[Supplied material]
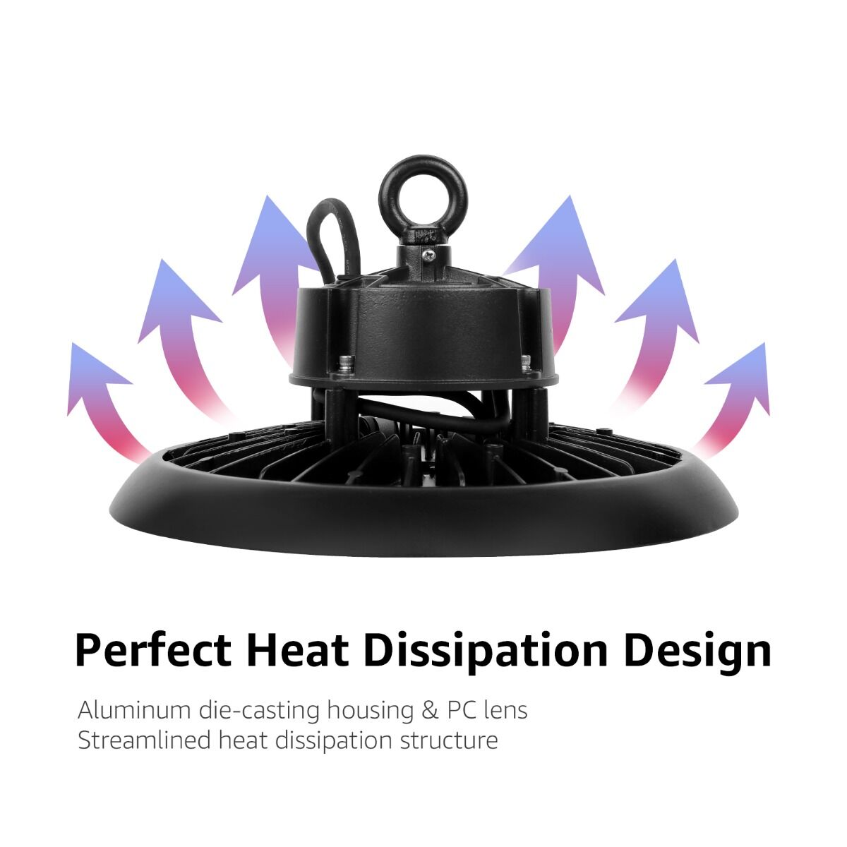 - Our standard aluminum die-cast housing is used for all of Lepro’s 100W LED UFO high bay lights, creating maximum durability and an excellent heat dissipation effect.
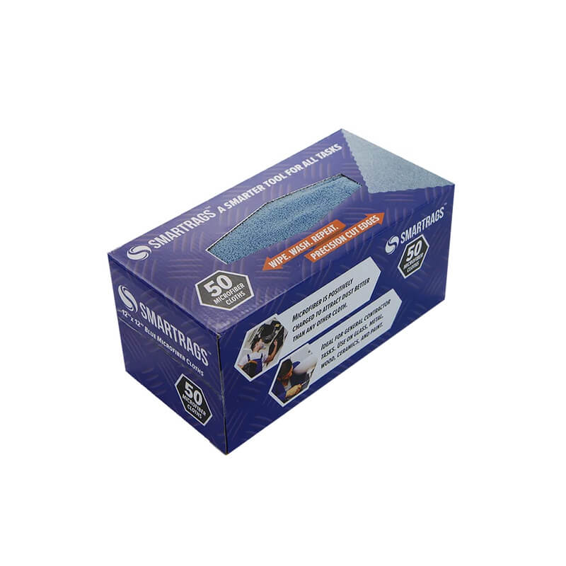 Each SmartRag dispenser box contains 50 12 X 12 microfiber cloths with precision cut seamless edges. Color-coding reduces the threat (and perception) of cross-contamination. Smaller and more compact than regular microfiber cloths, SmartRags are ideal for utility carts, corporate supply rooms, automotive shops, and break rooms. SmartRags are less expensive than regular microfiber cloths so are ideally used in high-loss environments:
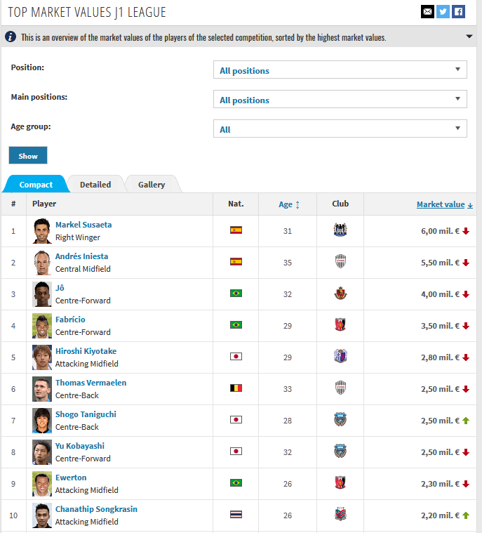 นั่นทำให้ล่าสุดจากการประเมินของ transfermarkt.com เว็บไซต์ชื่อดัง ได้เพิ่มค่าตัวคาดการณ์ของ ชนาธิป สรงกระสินธ์ เป็น 2.2 ล้านยูโร ซึ่งทำให้ “เจ้าเจ” ขยับขึ้นมาในอันดับที่ 10 ของบรรดานักเตะที่มีค่าตัวสูงที่สุดในศึก เจ ลีก ทันที
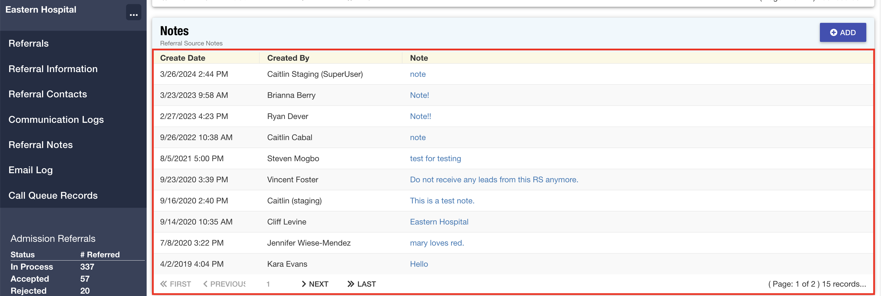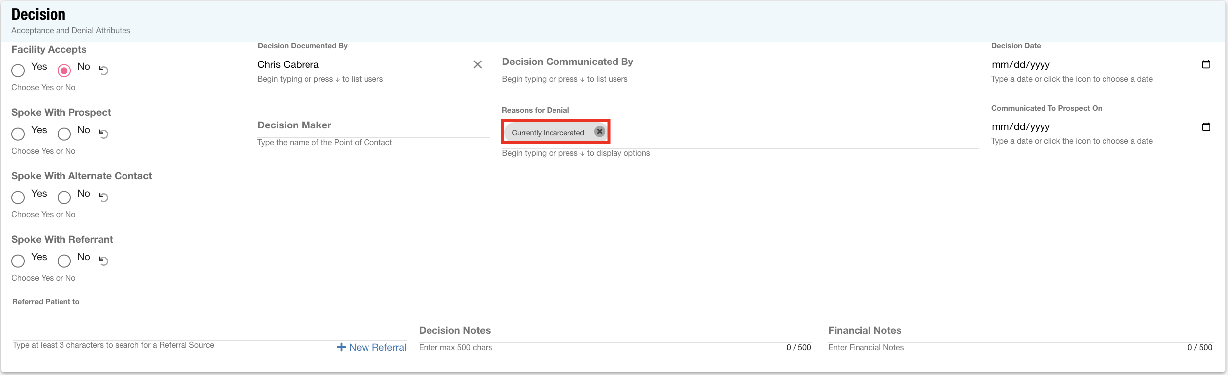 Referral Source: The area for referral source notes has been modified to display records in descending order for increased efficiency.
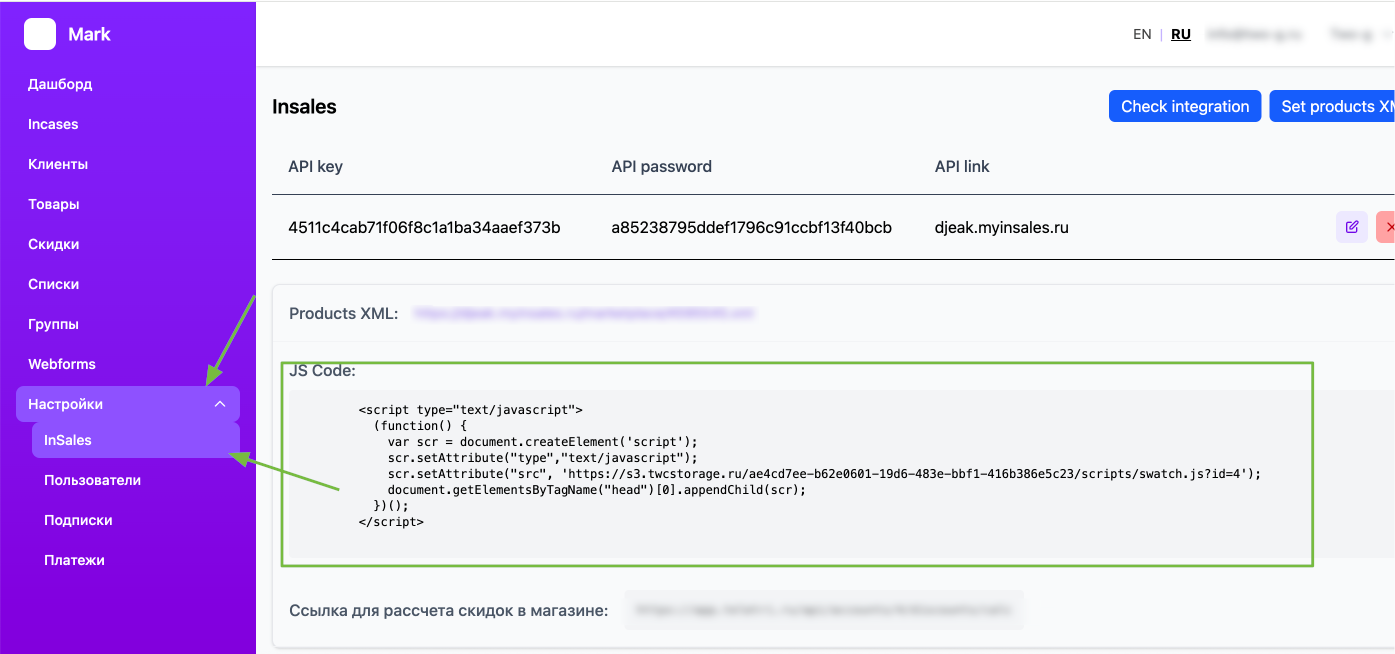 Если нужно, чтобы приложение заработало на всех темах, установленных в InSales, то вставляем этот код в бэк-офисе вашего аккаунта InSales в разделе “Сайт” - “Дизайн” - “Счетчики и Коды”

[Task requirements]
Only one thing is required: an exact printout of the lines from the line containing "Referral Source: The" through the last line of the records, pictures excluded.

[Solution to this exercise]
 Referral Source: The area for referral source notes has been modified to display records in descending order for increased efficiency.
 Если нужно, чтобы приложение заработало на всех темах, установленных в InSales, то вставляем этот код в бэк-офисе вашего аккаунта InSales в разделе “Сайт” - “Дизайн” - “Счетчики и Коды”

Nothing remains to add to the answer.